The public/private state boundary is an architectural guarantee, not a naming convention
Pwned has a hidden network topology. The real graph of hosts, subnets, and pivot paths is never sent to the agent. In a local Gym environment, hidden state and observed state usually live in the same Python object. That makes it easy to accidentally log the full state to metrics and leak information the agent should not have. OpenEnv’s client/server boundary gives you a stronger guarantee. PwnedPublicState is what the server serialises. The hidden PwnedEnvironment.state stays in-process and never goes over the wire. Partial observability stops being a convention and becomes part of the architecture.
Evidence minting is a temporal contract, not a data structure
The SecOps suite requires agents to cite evidence by ID in the final report. Evidence entries are minted at observation time, the moment an agent receives a StepResult. That is when observable facts get stamped with deterministic IDs like ev-0001. They cannot be backfilled later. If an agent cites ev-0023 when the episode only produced twelve entries, it loses score. This fits naturally with OpenEnv’s step-based model because each step() call returns one observation, which is the atomic unit of what the agent knows. Minting evidence at that moment gives you a clean record of when each fact became available, so benchmark grading stays reproducible.

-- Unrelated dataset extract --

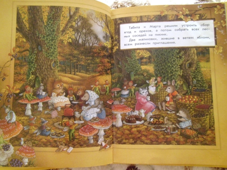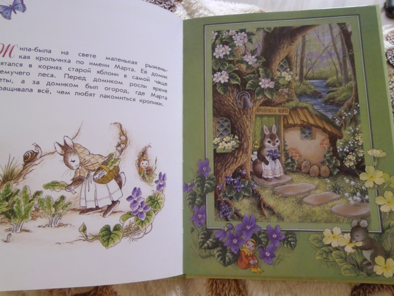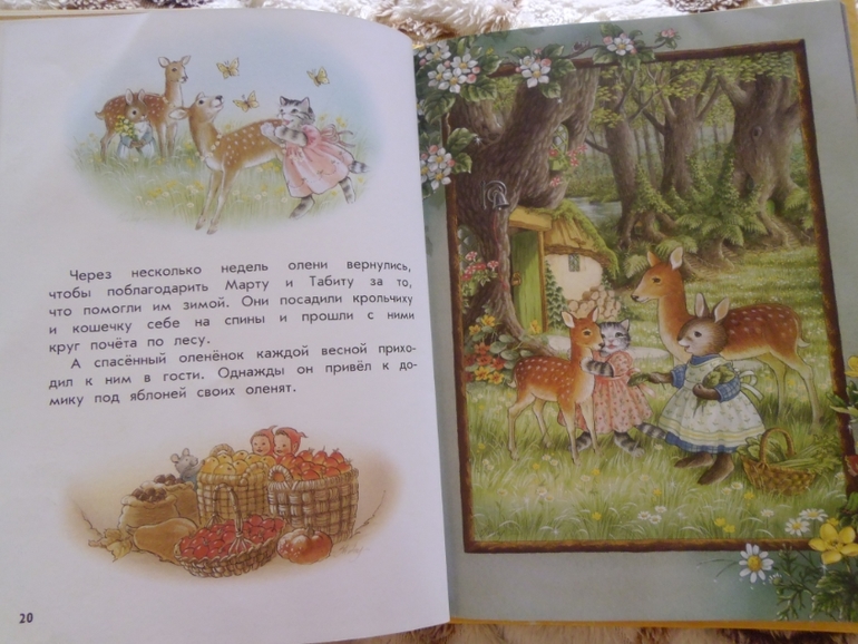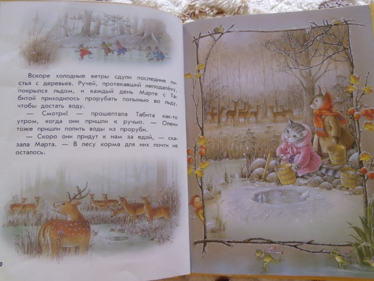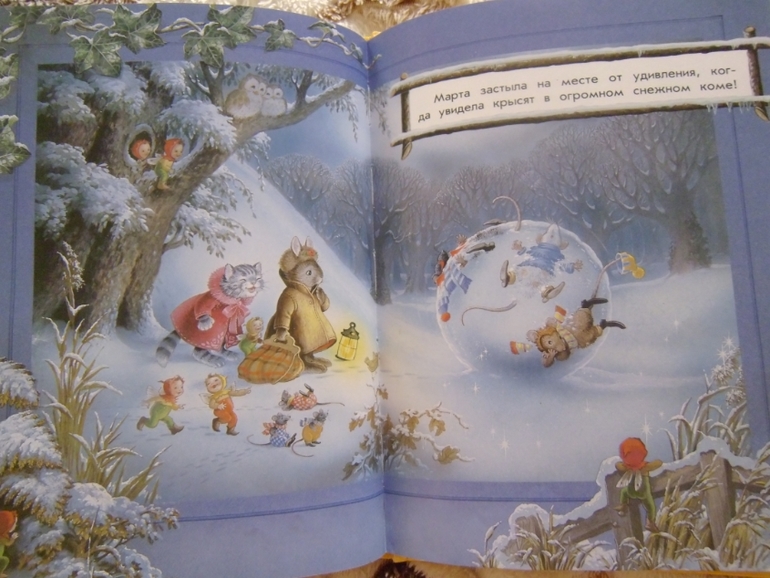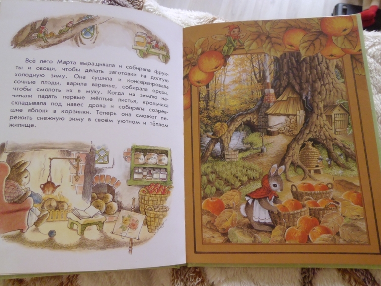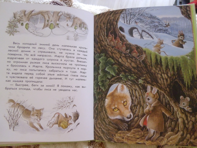 С недельку почитав про Марту,я заказала еще одну книгу из серии.Это предыстория.Всего один рассказ.Но тоже прекрасный.В этой книге толстенная меловка,иллюстрации попроще,но тоже яркие и красивые.Дочь читать отказывается,она у меня не любитель острых моментов,а здесь одни проблемы-у Марты украли еду,а потом ее чуть не сьела лиса.Кошмар-кошмар,не будем это читать:)

The HTTP latency trade-off only cuts one way
Classic RL objections to HTTP-based environments are fair. An in-process env.step() call takes microseconds, while an HTTP round-trip takes milliseconds. For Atari or continuous control tasks that need millions of steps, that gap matters. Vectorised environments, with 64 or 256 copies of the same Gym environment on one machine, exist for exactly this reason: they amortise per-step compute and keep the GPU busy.
But post-training RL for language models flips the math. Each "step" in a language model episode is a forward pass through billions of parameters, so you are already spending hundreds of milliseconds or even seconds. In that setting, the HTTP round-trip is background noise. The bottleneck is the model, not the transport. And unlike Atari, where you can vectorise 256 environments on one CPU, language model training already spans multiple GPU nodes. The trainer and the environment need to live on different hosts by default.
OpenEnv RFC 004 adds trajectory-level scoring, where the reward signal is computed over the whole episode instead of at each step. That matches how GRPO actually works: generate a rollout, score it as a whole, then compute the gradient from the outcome. Making this a first-class protocol feature means training frameworks do not need awkward workarounds just to express outcome-based reward.
The Hugging Face Spaces deployment model pushes this further. Once an OpenEnv environment is on HF Spaces, it is available at a stable URL. A TRL training script on a GPU cluster, an Oumi run on a university machine, or a SkyRL job on a cloud VM can all connect to the same environment without special infrastructure coordination. The person operating the environment does not have to be the same person training the model. Gym never really supported that way of working.
The architectural reckoning
The two models reflect different assumptions about what RL training looks like. Neither is universally better. But one of them matches how frontier model training is actually done.